The extensive art work of the renowned painter Pavle Paja Jovanović (1859–1957), abounded in historical, oriental, mythological, religious and portrait compositions, includes a significant part of the images of the artist's wife, Hermine (Dauber) Jovanović - Möuni (1892–1972).
Möuni has been a subject of around 30 of Jovanović’s exhibited canvases, pastels, and drawings, which are kept in Belgrade City Museum’s Paja Jovanović Legacy. Jovanović has woven his wife’s beauty into the artistic milieu, by transforming his model into a specific object d’art, worth of admiration.

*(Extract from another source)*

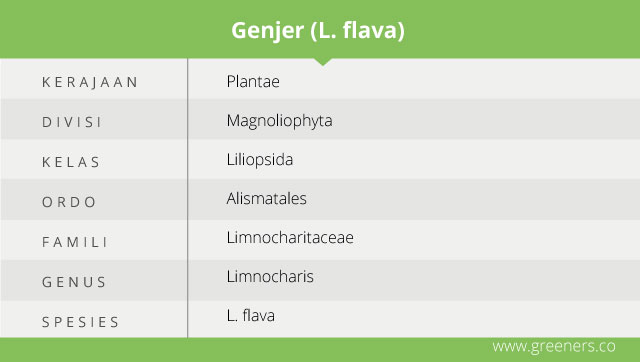Memiliki nama ilmiah Limnocharis flava, genjer ahli golongkan sebagai tumbuhan liar bersuku Alismataceae. Ia datang dari bangsa flora Alismatales, dengan karakteristik biji berkeping tunggal.

The representation of Möuni, as the embodiment of beauty, kept on reappearing in different thematic frameworks, from her portraits as the high-society lady, to the allegorical and mythical compositions, as well as, acts.
Paja Jovanović had sprung from the wells of the European art in the latter part of the 19th century, and became a renowned artist of world reputation, who nurtured the spirit of idealistic realism, based on his knowledge gained during his studies at the prestigious Art Academy in Vienna. In accordance with Kant's notion of natural and artistic beauty, Jovanović had strived for a highly aestheticized and embellished presentation of reality. The beauty, which had been the main theme of Jovanović's portraits, reached its climax in the visualization of the artist's favorite model, his wife Möuni.
Hermine (Dauber) Jovanović, was born in Budapest in 1892, and she met the elderly painter in 1905, while she modeled for him. Although she had been the most intimate person in the artist's life, she left scant information about herself. It is known that she married her thirty years older husband in Vienna, in 1917. In a harmonious marriage that lasted for four decades, until Jovanović’s death in 1957, a special psycho esthetic relationship developed between the artist and his wife that can only be interpreted as the Pygmalion effect. Ovid's story of Pygmalion, an artist who fell in love with his work, is analogous to Paja's apologia for Möuni, as her stunning beauty had become the artist's model, muse, and inspiration.